Expert discussion forums: Asking the right questions to get the most useful answers
05 November 2015 -
Everyone, sometimes, has a fiendishly complex question to answer, which no-one anywhere seems to have the answer for. But they do, oh yes they do…
In the working world, there are three types of questions. David Griffiths, founder of management consultancy K3Cubed, has developed a framework for asking the ones that will yield the most useful answers:
First, those for which there can only be one answer, for example: “What’s the safest way to turn off a nuclear power plant?” Cloud-based platforms (ie, search engines) are great for answering these.
The second type of question is more complex. These yield multiple answers, none of which are definitive, and to answer them satisfactorily you need to talk to actual people, which is where the likes of AskReddit and Quora are handy. For example: “What are the best team-building exercises to motivate my employees?” or “How can I help my staff learn a foreign language?”

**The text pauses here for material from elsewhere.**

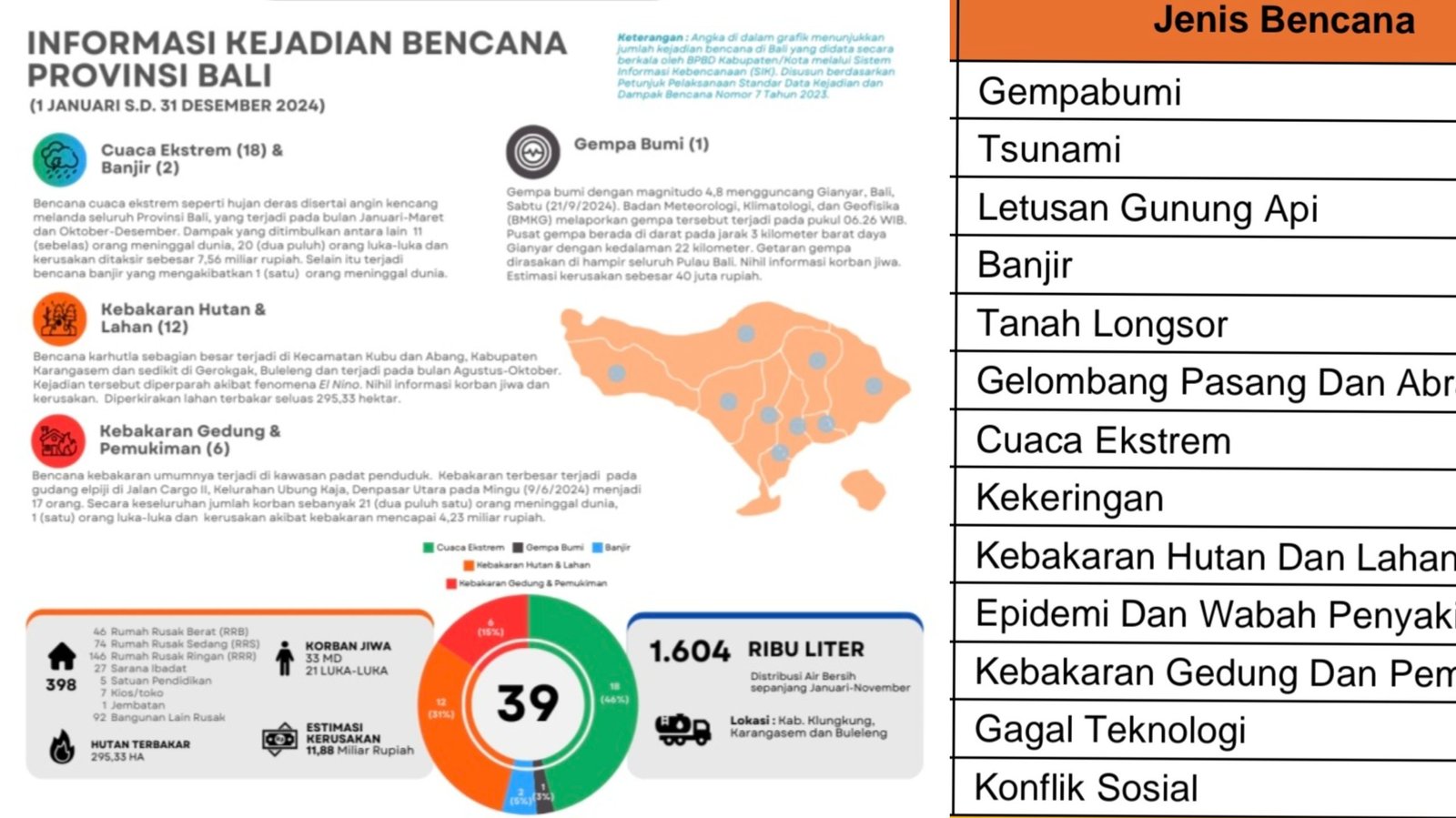 Infografis: Informasi kebencanaan dari BPBD Bali tahun 2024 di Provinsi Bali (barometerbali/bpbdbali)

Take Quora: questions are asked, answered, edited and organised by its community of users, who then “upvote” their favourite answers, thus giving you an instant sense of where the most robust solutions to your problem might lie. It’s the kind of collaborative problem-solving platform that could, in years to come, be applied to whole swathes of life.
Imagine Quora for medical diagnosis, a Quora that allowed MPs to draw on other constituency experiences when answering constituents’ questions, Quora for the law…
The possibilities are endless, and intriguing.
Then there are ‘wicked problems’. These are much more hypothetical and require multiple experts to come together or ‘swarm’ around the complex conundrum. An example might be: ‘What will the mobile phone industry look like in 10 years time?’
To answer these properly, you need a group of experts. No single person can provide an irrefutable answer, and each person could have a different theory. Swarming allows contributors to collaborate (from wherever they are) on their responses, to create a more substantial conclusion. Expert Witness is a good example, as it allows you to contact multiple industry experts at once.